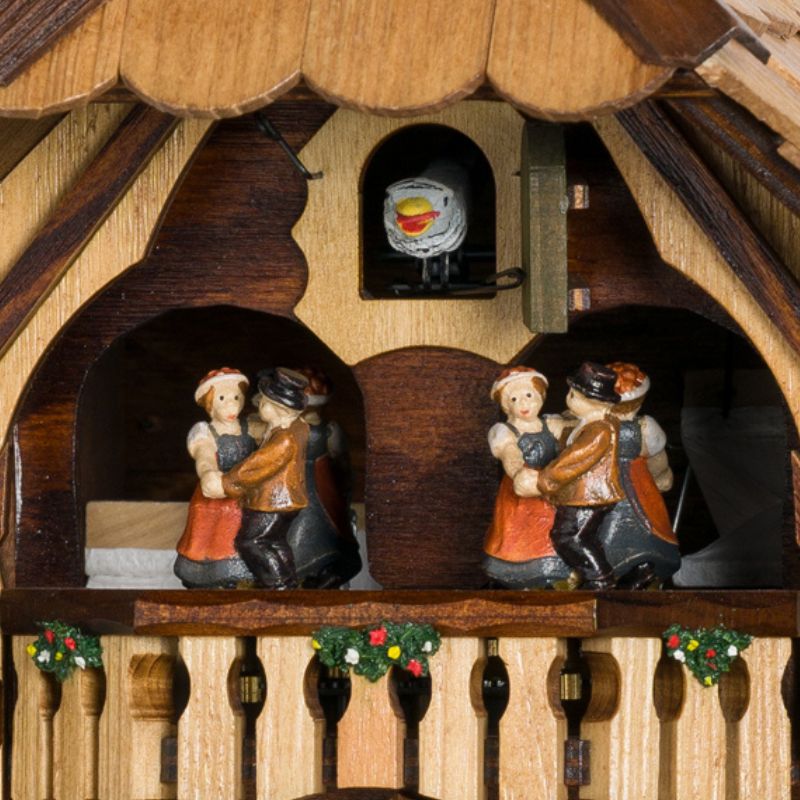 À chaque heure, le coucou apparaît et chante, marquant le passage du temps de façon traditionnelle. Le son de l’oiseau résonne en reproduisant fidèlement l’authenticité des horloges d’antan. Les figurines tournent au rythme de la mélodie, apportant une animation supplémentaire à ce décor champêtre.
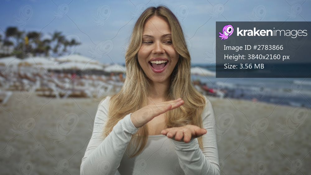Blonde woman hands showing money sign gesture at beach; wealth prosperity playfulness spending vacation.
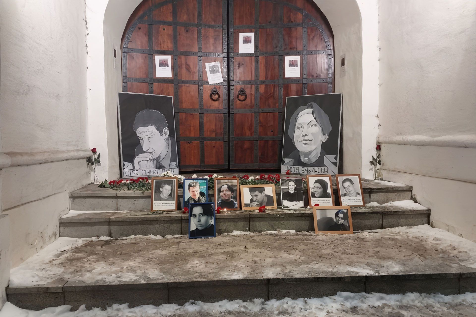 Справа от мемориала стоят Леонид и Вера. Молодые люди увлеклись политикой после начала войны. Вера была на акции памяти убитых антифашистов в прошлом году, а Леонид пришёл впервые. Он узнал о Бабуровой и Маркелова накануне акции — посмотрел документальный фильм Валерия Балаяна «Любите меня, пожалуйста» в московском правозащитном центре «Открытое пространство»:
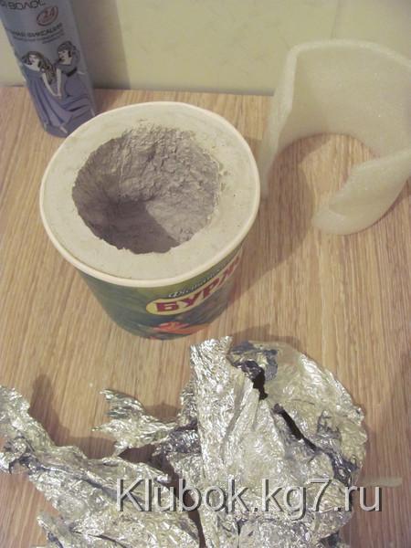Чтобы получить полое пространство нужно взять баллончик лака для волос и обмотать его фольгой.
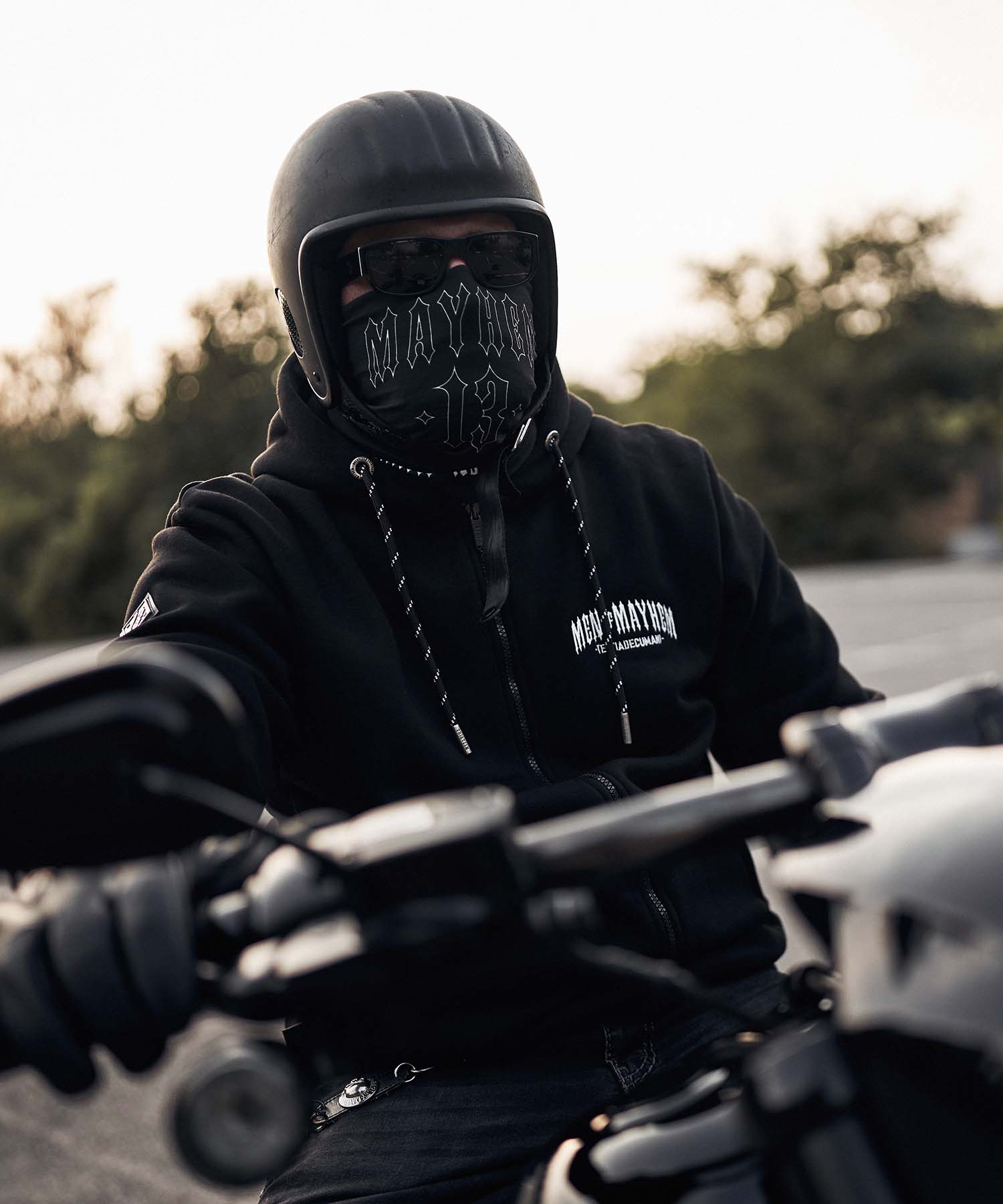Die MEN OF MAYHEM Sweatjacken sind nicht einfach nur Hoodies mit einem Reißverschluss. Unsere Sweatjacken sind mit einem double layer ausgestattet, welcher die Jacke besonders warm und voluminös macht. Der double layer ist eine zusätzliche Schicht aus Baumwolle, die im Innenteil der Jacke angebracht ist.
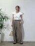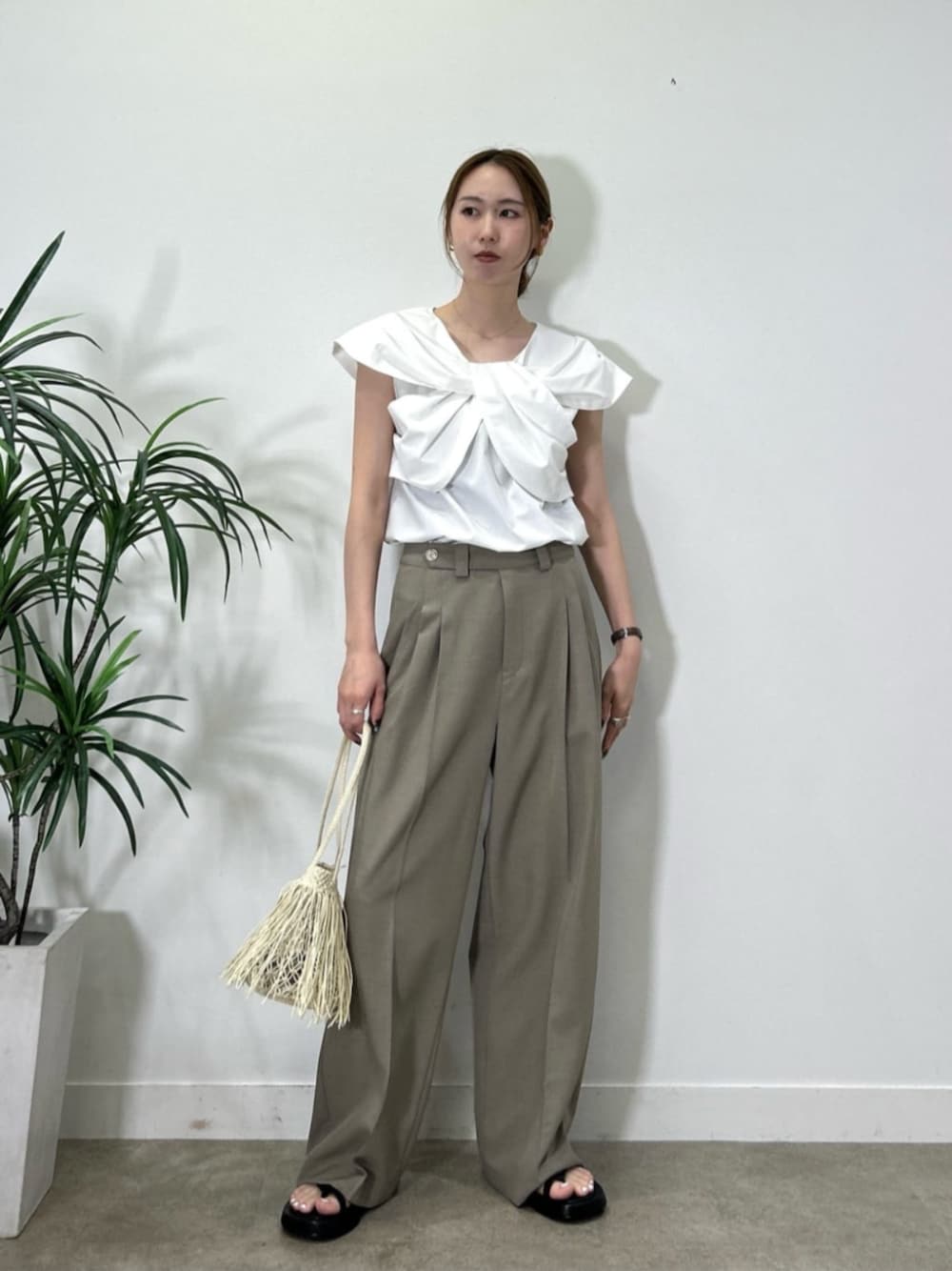 【ブラウス】 胸元のデザインがポイントのブラウス。 生地はパサっとハリのある生地です! 女性らしいデザインですが、甘くなりすぎないように、モードパンツと合わせています◎ 【パンツ】 キレイめにも履けるダブルタックのモードパンツ! ストンと落ちるシルエットがすごくキレイです。 ウエストにボタンがついているので調整可能です。 ずるっと丈を長めに履いていただくのがよりモード感が出ておすすめ◎
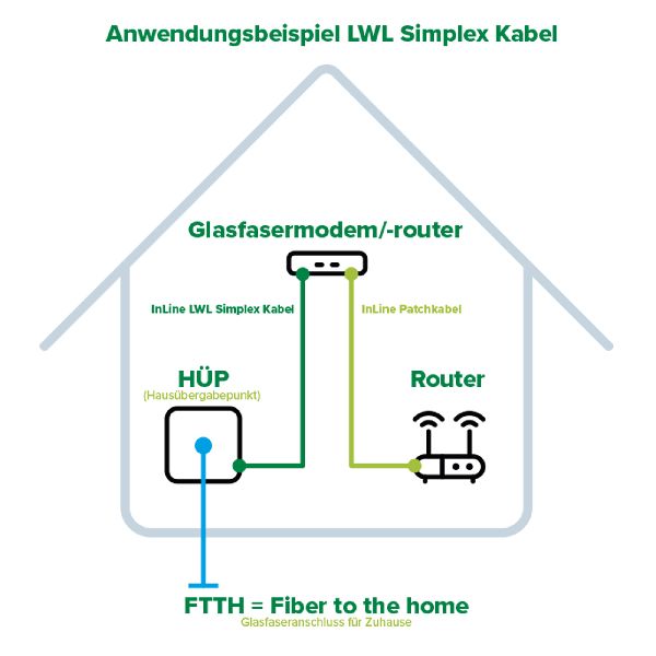 Telekommunikationsunternehmen wie Vodafone, Deutsche Glasfaser und Telekom ermöglichen zunehmend Glasfaseranschlüsse für private Haushalte in Deutschland. Fiber to the home (FTTH) Kabel von InLine verbinden dabei den Hausübergabepunkt (HÜP) mit dem Glasfasermodem und sorgen für einen zuverlässigen Glasfaseranschluss in ihrem Zuhause.

---------------

--- What the task requires ---
Repeat the material above word for word and skip every image in it.

--- Solution ---
 À chaque heure, le coucou apparaît et chante, marquant le passage du temps de façon traditionnelle. Le son de l’oiseau résonne en reproduisant fidèlement l’authenticité des horloges d’antan. Les figurines tournent au rythme de la mélodie, apportant une animation supplémentaire à ce décor champêtre.
Blonde woman hands showing money sign gesture at beach; wealth prosperity playfulness spending vacation.
 Справа от мемориала стоят Леонид и Вера. Молодые люди увлеклись политикой после начала войны. Вера была на акции памяти убитых антифашистов в прошлом году, а Леонид пришёл впервые. Он узнал о Бабуровой и Маркелова накануне акции — посмотрел документальный фильм Валерия Балаяна «Любите меня, пожалуйста» в московском правозащитном центре «Открытое пространство»:
Чтобы получить полое пространство нужно взять баллончик лака для волос и обмотать его фольгой.
Die MEN OF MAYHEM Sweatjacken sind nicht einfach nur Hoodies mit einem Reißverschluss. Unsere Sweatjacken sind mit einem double layer ausgestattet, welcher die Jacke besonders warm und voluminös macht. Der double layer ist eine zusätzliche Schicht aus Baumwolle, die im Innenteil der Jacke angebracht ist.
 【ブラウス】 胸元のデザインがポイントのブラウス。 生地はパサっとハリのある生地です! 女性らしいデザインですが、甘くなりすぎないように、モードパンツと合わせています◎ 【パンツ】 キレイめにも履けるダブルタックのモードパンツ! ストンと落ちるシルエットがすごくキレイです。 ウエストにボタンがついているので調整可能です。 ずるっと丈を長めに履いていただくのがよりモード感が出ておすすめ◎
 Telekommunikationsunternehmen wie Vodafone, Deutsche Glasfaser und Telekom ermöglichen zunehmend Glasfaseranschlüsse für private Haushalte in Deutschland. Fiber to the home (FTTH) Kabel von InLine verbinden dabei den Hausübergabepunkt (HÜP) mit dem Glasfasermodem und sorgen für einen zuverlässigen Glasfaseranschluss in ihrem Zuhause.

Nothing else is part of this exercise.